Die persönlichen Verhältnisse des Angeklagten sind nach dem aus den Akten darüber zu gewinnenden Bild nicht geeignet, der Fluchtgefahr ins Gewicht fallend entgegenzuwirken. Insofern kann der Zweck der Untersuchungshaft auch nicht durch weniger einschneidende Maßnahmen (§ 116 Abs. 1 StPO) als deren Vollzug erreicht werden.

Die Eltern des Angeklagten leben getrennt. Er lebt bei der Mutter. Der Vater ist im Zusammenhang mit dem Vorwurf eines Tötungsdelikts im August 2004 in Untersuchungshaft geraten. Die Mutter leidet seit 1994/95 an einer Nervenkrankheit und ist ersichtlich nicht in der Lage, erzieherisch auf den Angeklagten einzuwirken. Sie hat es nicht vermocht, den Angeklagten zu regelmäßigem Schulbesuch anzuhalten. Es besteht kein Anhaltspunkt dafür, daß für den durch den Verteidiger in der Beschwerdeschrift bekundeten Willen des Angeklagten, die Schule nunmehr regelmäßig zu besuchen, den auch die Mutter unterstützen soll, eine Aussicht auf Verwirklichung besteht. Denn es ist nichts dafür zu ersehen, daß sich an den Verhältnissen, vor deren Hintergrund es zu den den Gegenstand des vorliegenden Verfahrens bildenden schweren Straftaten gekommen sein soll, tiefgreifend etwas geändert hat. Allein der den Angeklagten mitbetreffende Wohnortwechsel innerhalb Berlins aufgrund des Umzugs der Mutter gibt nichts Greifbares für die Annahme einer Verbesserung der Situation her.

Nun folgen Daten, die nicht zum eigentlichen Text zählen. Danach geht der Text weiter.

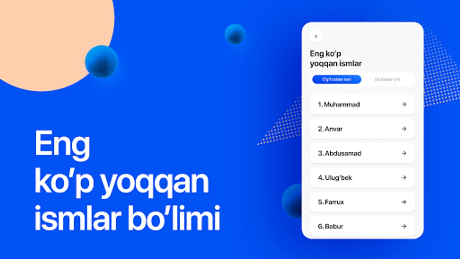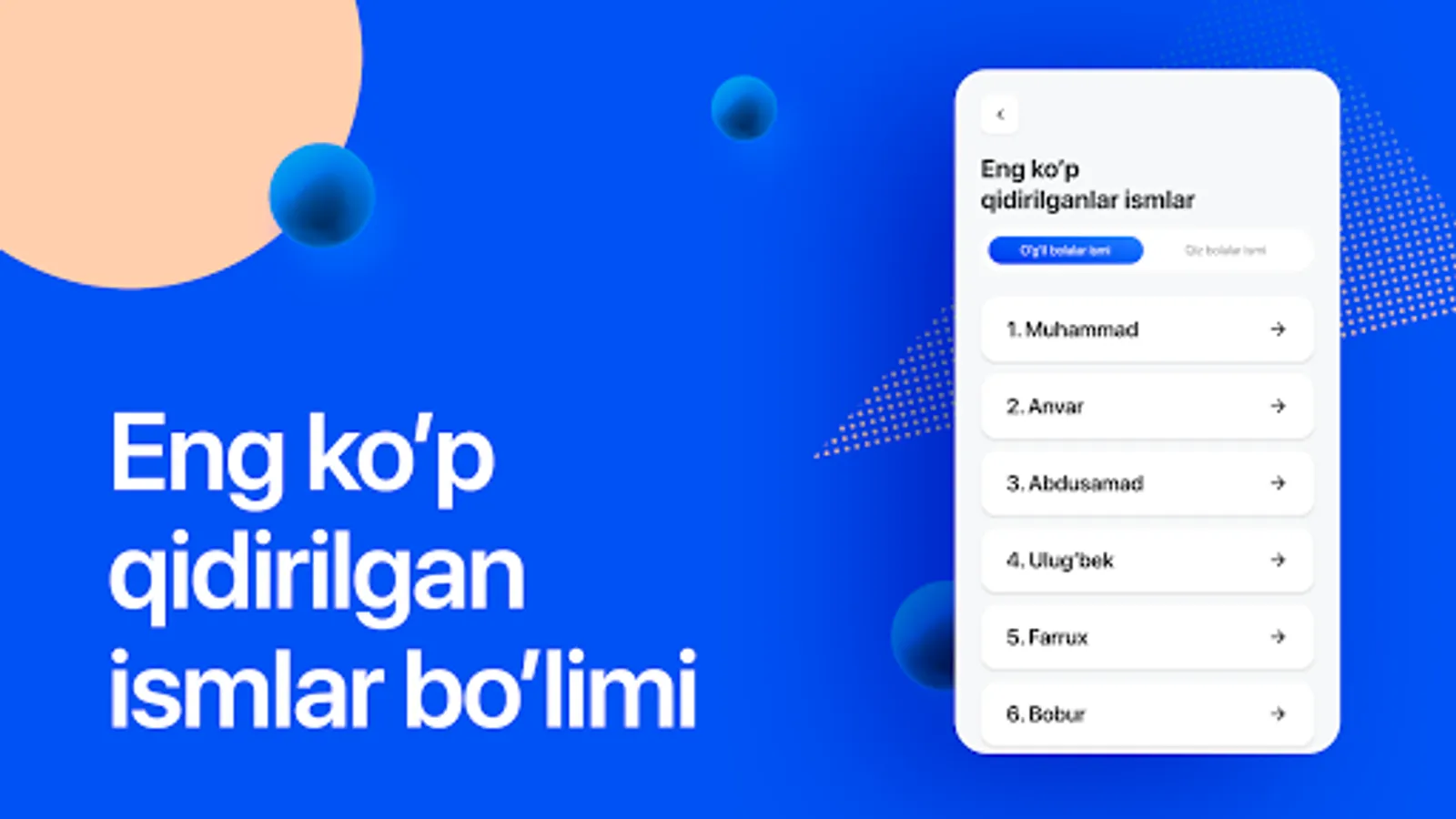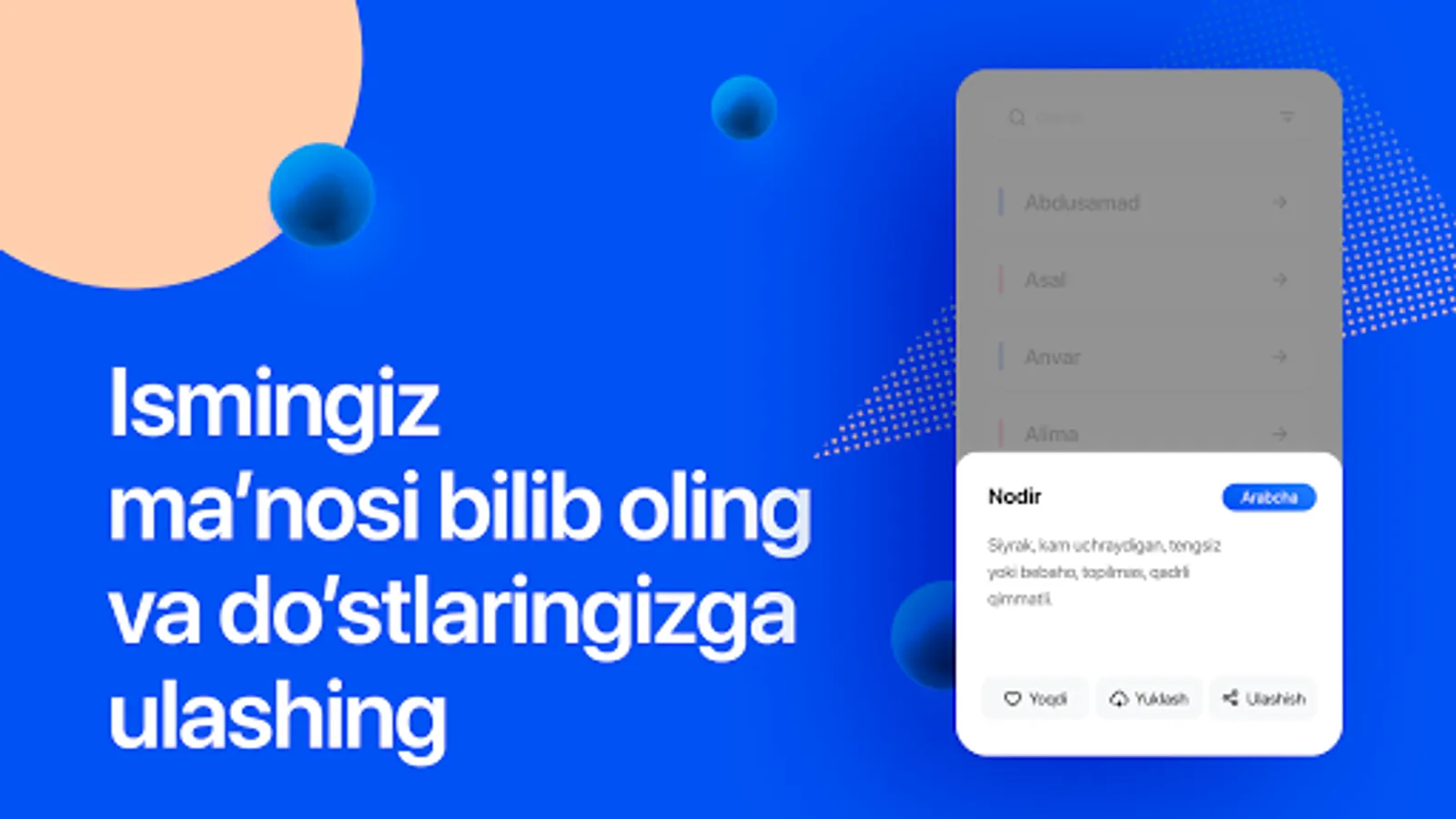 Learn the full meaning of the names of yourself and your loved ones in Uzbek through a beautifully designed and easy-to-use application:

Die Fortdauer der Untersuchungshaft steht zu der Bedeutung der Sache und der zu erwartenden Strafe nicht außer Verhältnis (§§ 112 Abs. 1 Satz 2, 120 Abs. 1 Satz 1 StPO). Vom zeitlichen Umfang her läßt sich nichts Durchgreifendes einwenden. Dafür daß das Gebot besonders beschleunigter Verfahrensdurchführung verletzt worden ist, das eingreift, wenn ein Jugendlicher sich in Untersuchungshaft befindet (§ 72 Abs. 5 JGG), und das über das ohnehin in Haftsachen geltende allgemeine Beschleunigungsprinzip noch hinausgeht, ist hier weder etwas vorgetragen noch sonst ersichtlich. Das Verfahren ist denn auch, gerade in Anbetracht der Tatsache, daß ein Unfallanalysegutachten und ein psychiatrisch-neurologisches Gutachten über den Reifegrad sowie die Schuldfähigkeit des Angeklagten einzuholen waren, überaus zügig durchgeführt worden. Ebensowenig ist die Anordnung von Untersuchungshaft, auch unter Berücksichtigung der besonderen Belastungen des Vollzuges für Jugendliche, vom Gewicht des Eingriffs her unverhältnismäßig (§ 72 Abs. 1 JGG). Angesichts der Schwere der Fehlentwicklung des Angeklagten, die sich an dem vorliegenden Tatverdacht abzeichnet, spricht nichts dafür, daß andere Maßnahmen, insbesondere die einstweilige Unterbringung in einem Heim der Jugendhilfe, ausreichen (§ 72 Abs. 1 Satz 3 JGG).

Die Kostenentscheidung beruht auf § 74 JGG.